Clinical Characteristics

This condition is clinically characterized by elevated blood pressure and proteinuria. While not considered essential for the diagnosis, women often have increased hand, ankle, and facial edema. Progression from mild-to-severe pre-eclampsia represents a continuum of the disease although timing and rate of progression is unpredictable. Some women will present initially with severe pre-eclampsia that is characterized by central nervous system (CNS) changes (headache, blurred vision), liver involvement (right upper quadrant pain, elevated transaminases), renal involvement (marked proteinuria, oliguria), and/or fetal growth restriction. Additional laboratory manifestations can include elevation of the hematocrit reflecting an underlying hemoconcentration, lowered platelet count, and evidence of hemolysis. The constellation of HELLP syndrome represents a variant of pre-eclampsia that may present without significant proteinuria. Progression to seizures is a hallmark of eclampsia with increased deep tendon reflexes and clonus being early signs of CNS irritation. Pre-eclampsia may present initially in the postpartum period in a small number of patients.

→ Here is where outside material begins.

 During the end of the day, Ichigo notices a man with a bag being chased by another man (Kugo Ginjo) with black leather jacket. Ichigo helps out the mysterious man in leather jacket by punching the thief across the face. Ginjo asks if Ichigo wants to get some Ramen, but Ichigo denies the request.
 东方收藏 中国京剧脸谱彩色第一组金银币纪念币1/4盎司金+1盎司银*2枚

Clinically, two broad categories of pre-eclampsia exist—early onset (<34 weeks) and late onset (>34 weeks). Early-onset disease is characterized broadly as a disorder of aberrant placentation with a normal maternal response and late-onset disease is described as a condition of normal placentation in the setting of a maternal system with aberrant endothelial responses. Early-onset pre-eclampsia is notable for a higher rate of familial cases, a higher risk of recurrence in subsequent pregnancies, identification of placental vascular abnormalities, and associated fetal growth restriction. Late-onset pre-eclampsia is more common (80%) and is characterized by maternal risk factors such as diabetes, increased blood pressure (but not hypertension) early in pregnancy, cardiovascular disease, increased body mass index (BMI), and older maternal age.

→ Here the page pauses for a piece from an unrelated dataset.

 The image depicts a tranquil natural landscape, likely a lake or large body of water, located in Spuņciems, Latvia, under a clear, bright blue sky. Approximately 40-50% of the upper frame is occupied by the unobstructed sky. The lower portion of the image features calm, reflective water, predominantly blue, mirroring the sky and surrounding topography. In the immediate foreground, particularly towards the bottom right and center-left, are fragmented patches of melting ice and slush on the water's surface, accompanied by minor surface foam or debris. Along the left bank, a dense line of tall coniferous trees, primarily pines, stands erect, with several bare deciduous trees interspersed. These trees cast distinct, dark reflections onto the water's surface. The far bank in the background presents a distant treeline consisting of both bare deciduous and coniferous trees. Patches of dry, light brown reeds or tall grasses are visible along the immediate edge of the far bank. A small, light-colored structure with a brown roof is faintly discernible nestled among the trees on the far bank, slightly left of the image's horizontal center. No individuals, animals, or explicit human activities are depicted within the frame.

The maternal vascular changes of pre-eclampsia are characterized by hemoconcentration mediated by intense vasospasm. Women with pre-eclampsia tend to be intravascularly depleted and hemoconcentrated yet with endothelial damage which renders their vascular system throughout their bodies more permeable to capillary leak. This may manifest clinically as peripheral or total body edema, pulmonary edema, and CNS edema. Renal consequences of the vasospasm lead to decreased renal flow, lack of the normal expected increase in glomerular filtration rate with pregnancy, and ultimately a decreased urine output. Uteroplacental blood flow is similarly affected with uteroplacental insufficiency resulting from placental infarct with resultant fetal growth restriction, decreased amniotic fluid, placental abruption, and nonreassuring fetal surveillance.